The first line of the listing opens the range and the line with "Kit Pictured: XKFD23656-2G" closes it; repeat those lines and all between them word for word, leaving out the pictures.

......

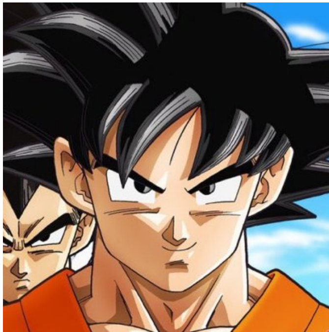
Figure 1.1: A test figure. This caption is huge, but in the list of figures only the smaller version in the square brackets will appear.

language. There is no need for special content, but the length of words should match the language.
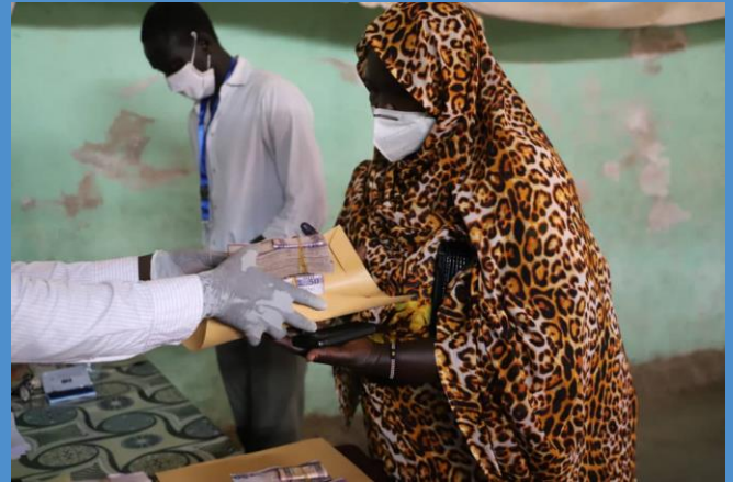
A resident of Juba receiving her cash support.
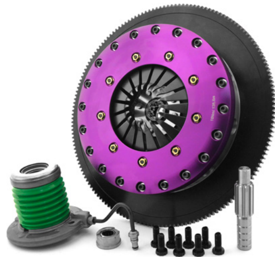
Kit Pictured: XKFD23656-2G

The Ford Mustang is one of the most iconic vehicles ever created and is arguably one of the most modified cars with thousands of aftermarket parts available around the world. XClutch offer a wide range of performance upgrades to suit vehicles that have had performance modifications resulting in increased horsepower and torque. These kits are designed to harness the extra power and help put more to the ground. With extensive in-house testing and development, XClutch offers a range of clutch upgrades to suit everything from the daily driven performance car through to dedicated motorsport applications.
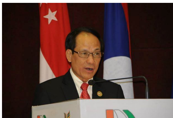
Photo 4: ASEAN Secretary General Mr. Le Luong Minh Addressing the Audience at IDSA on 7 March

"ASEAN and India need to work closely to implement the ASEAN India Vision Statement by undertaking practical and action-oriented projects, programs and activities which should be prioritized and aligned to the two sides' common strategic orientations evolving broad spectrums of stakeholders so that the benefits of the partnership will be felt by all".
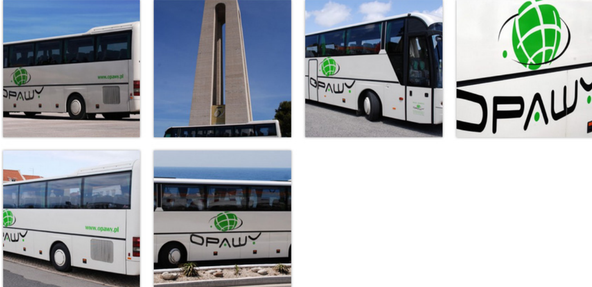
Figure 3. Coach NEOPLAN N 316 SHD

ing and movable seats with armrests and adjustable footrests, folding tables by each seat, overhead night lamp, overhead air vent, curtains, seatbelts in unsecured seats.
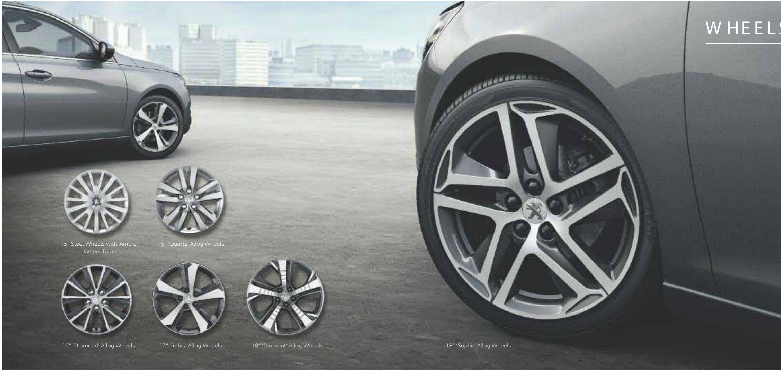
15" Steel Wheels with 'Ambre' Wheel Trims
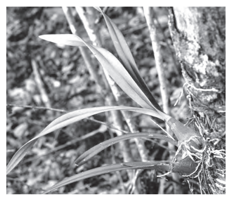
Above: A robust specimen of Encyclia tampensis growing in the shade of a hardwood hammock in eastern Everglades National Park shows the onion-like appearance of the plant, with its conical pseudobulb topped by tough green leaves. The appearance of the plant accounts for the understandable common name Onion Orchid among old-time South Florida orchid growers. Photographed on February 23, 1995, by Chuck McCartney.

Another big problem with the common name of "Butterfly Orchid" for Encyclia tampensis is that around the world, there are several other orchids given that vernacular designation. Most especially, that name belongs to a small group of orchids from northern South America (and adjacent Trinidad, which is, floristically and geologically, just a piece of the South American continent that got separated in relatively recent times). These distinctive orchids at one time were placed in a large, diverse assemblage of orchids lumped into the genus Oncidium and now, understandably, segregated into the genus Psychopsis , which contains just four species (although some authorities include a fifth). The prime example of the genus is the
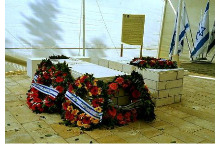
December 4, 2014 – The Reburial
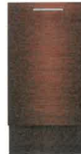
(Panel Ready) UDT518SAHP
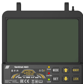
Advanced CE 1/1/1/1 ADF technology with a simple interface and clear graphic display.
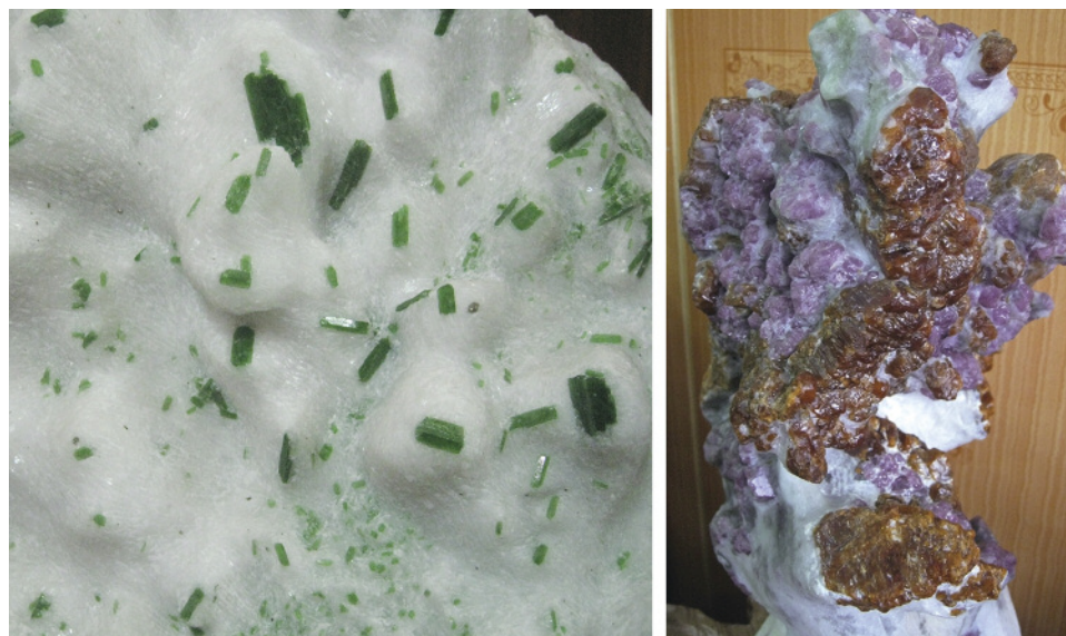
Figure 9. Pargasite (left) and humite crystals (right) occur in marble at Luc Yen.

(cleavelandite), tourmaline (elbaite), and Li-mica (lepidolite). Facet-grade transparent green feldspar (figure 8), which is very rare here, has been identified as green orthoclase (Laurs et al., 2005).
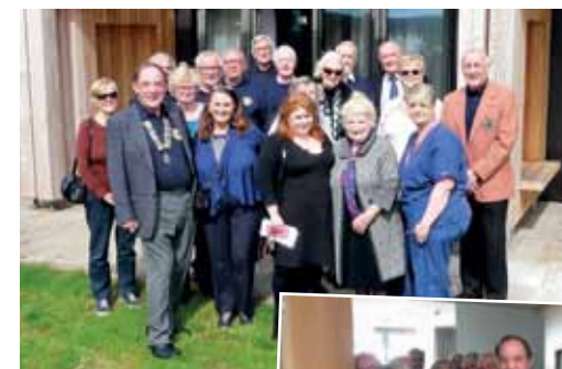
that we're listed as its sponsor on a wall in the entrance to the hospice."
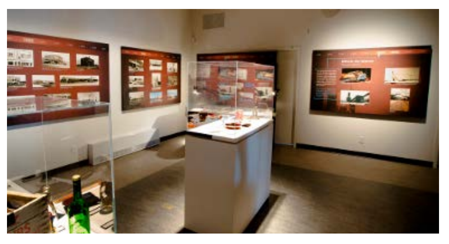
Figure 6: Photo of the Malartic Museum

Agnico Eagle arranged for a tour of the Malartic Museum for Panel members. The Malartic Museum is the only one in Quebec dedicated solely to geology and mineralogy. Jean Massicote, the tour guide, showed the Panel members the new 75<sup>th</sup> Anniversary of Malartic Exhibit, and provided each of the panel members with a book on the history of the region.
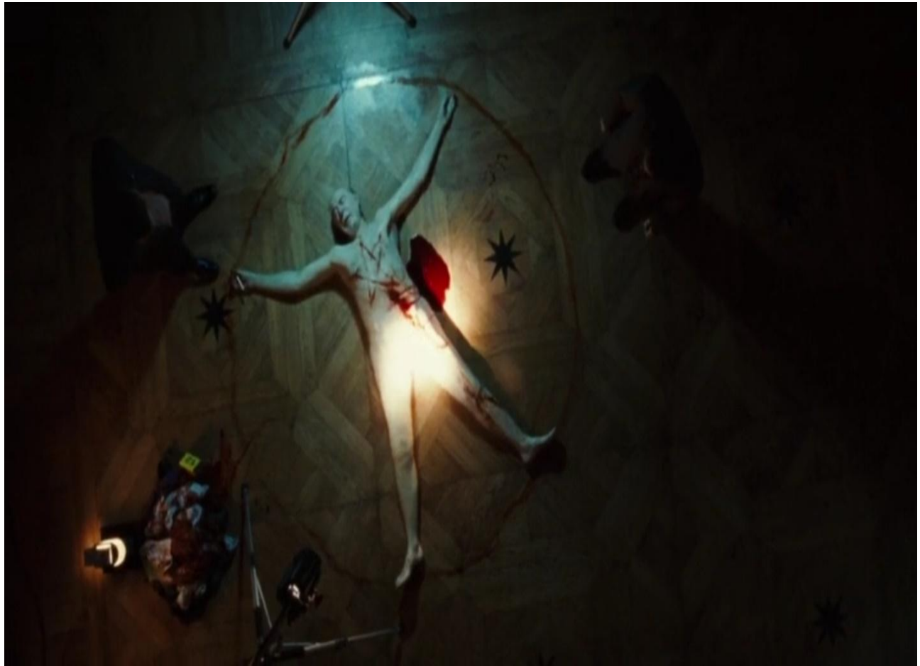
Figure 4.1, Datum 1

......

▸ **Problem solution**:
Figure 1.1: A test figure. This caption is huge, but in the list of figures only the smaller version in the square brackets will appear.

language. There is no need for special content, but the length of words should match the language.
A resident of Juba receiving her cash support.
Kit Pictured: XKFD23656-2G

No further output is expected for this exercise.